- The "worker that lifts the world on their palms" (Turkish: dünyayı avuçlarında yükselten işçi) logo that was prepared for 1 May 1977 demonstrations
- Native name: Kanlı 1 Mayıs 1 Mayıs Katliamı
- Location: 41°02′13″N 28°59′09″E﻿ / ﻿41.03694°N 28.98583°E Taksim Square, Beyoğlu, Istanbul
- Date: 1 May 1977
- Target: Civilians, leftists
- Deaths: 36 (Described by the morgue) 31 (Explained by the prosecutor)
- Injured: 136
- Accused: Counter-Guerrilla, right-wing groups

= Bloody May Day (1977) =

Attack on the Labor Day celebration on the 1 May 1977 in Istanbul, Turkey

The Bloody May Day (Kanlı 1 Mayıs or 1 Mayıs Katliamı) was an attack on leftist demonstrators on 1 May 1977 (International Workers' Day) in Taksim Square, Istanbul, Turkey. Casualty figures vary between 31 and 36 people killed with 126 to 220 injured.
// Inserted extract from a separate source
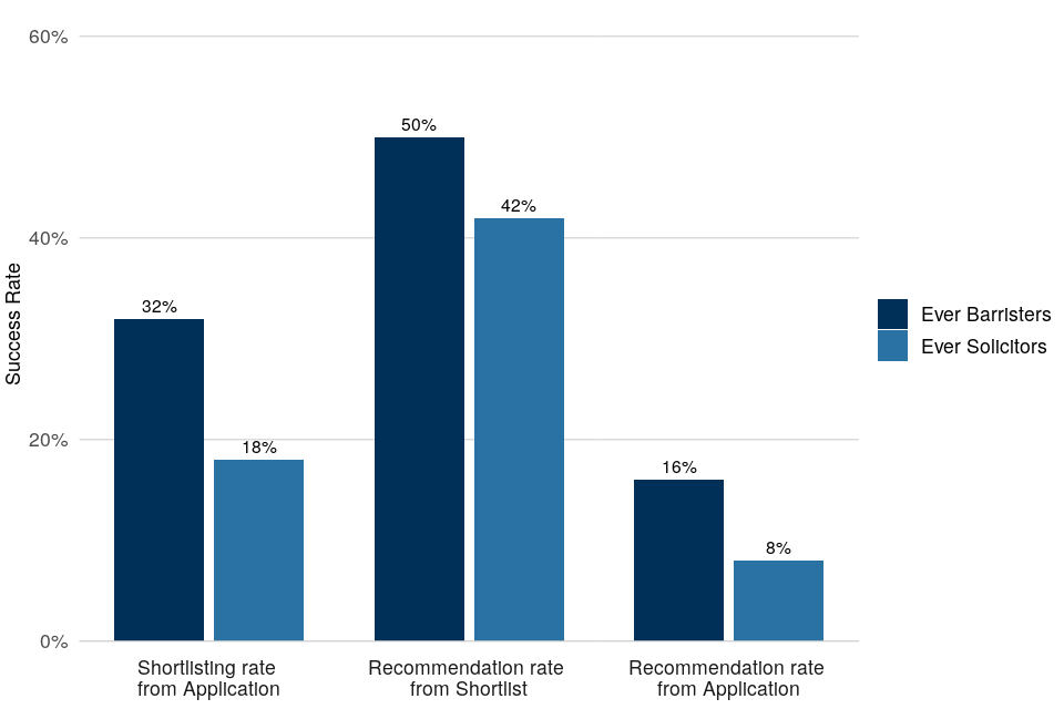 To prevent double counting, if an applicant has declared both a previous role of solicitor and barrister, a value of 0.5 has been assigned for both solicitor and barrister. When referring to “ever” solicitor or “ever” barrister, these adjusted figures are used. ↩

Over 500 demonstrators were later detained by the security forces, and 98 were indicted. None of the perpetrators were caught, although suspicion soon fell on the Counter-Guerrilla and associated right-wing groups. The massacre was part of the wave of political violence in Turkey in the late 1970s.

==Background==
In the Ottoman Empire, the first celebration of Labour Day was organized in Skopje in 1909. In Istanbul, Labour Day was first celebrated in 1912. No celebrations could be organized between 1928 and 1975. On 1 May 1976 the Confederation of Revolutionary Trade Unions of Turkey (DISK) organized a rally at Taksim Square with mass participation.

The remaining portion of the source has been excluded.